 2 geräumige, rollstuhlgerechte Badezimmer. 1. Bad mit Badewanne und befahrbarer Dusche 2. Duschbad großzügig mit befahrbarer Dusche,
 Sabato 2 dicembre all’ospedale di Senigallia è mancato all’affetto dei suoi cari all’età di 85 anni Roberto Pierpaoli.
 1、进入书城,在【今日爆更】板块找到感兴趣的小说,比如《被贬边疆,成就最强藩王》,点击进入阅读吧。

...

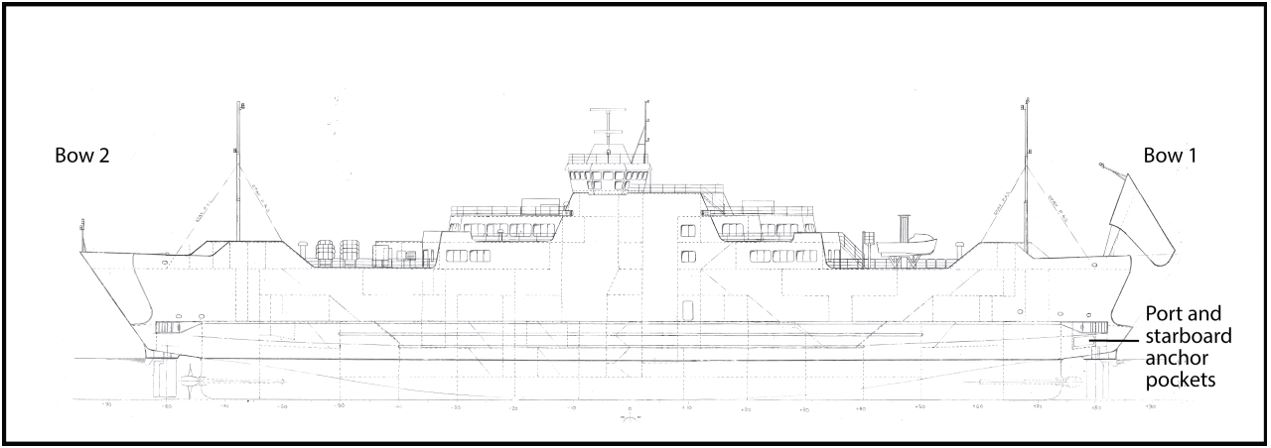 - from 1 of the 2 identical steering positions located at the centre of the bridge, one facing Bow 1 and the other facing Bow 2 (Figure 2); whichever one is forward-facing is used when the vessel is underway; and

---

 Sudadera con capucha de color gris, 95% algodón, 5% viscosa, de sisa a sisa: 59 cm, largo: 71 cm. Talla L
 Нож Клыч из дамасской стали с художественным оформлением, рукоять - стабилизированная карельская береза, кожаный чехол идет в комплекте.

Required action:
In the listing above, find the line with "2 geräumige, rollstuhlgerechte" and the line with "1、进入书城,在【今日爆更】". Output those two lines and every line between them, exactly as written.

Completed exercise:
 2 geräumige, rollstuhlgerechte Badezimmer. 1. Bad mit Badewanne und befahrbarer Dusche 2. Duschbad großzügig mit befahrbarer Dusche,
 Sabato 2 dicembre all’ospedale di Senigallia è mancato all’affetto dei suoi cari all’età di 85 anni Roberto Pierpaoli.
 1、进入书城,在【今日爆更】板块找到感兴趣的小说,比如《被贬边疆,成就最强藩王》,点击进入阅读吧。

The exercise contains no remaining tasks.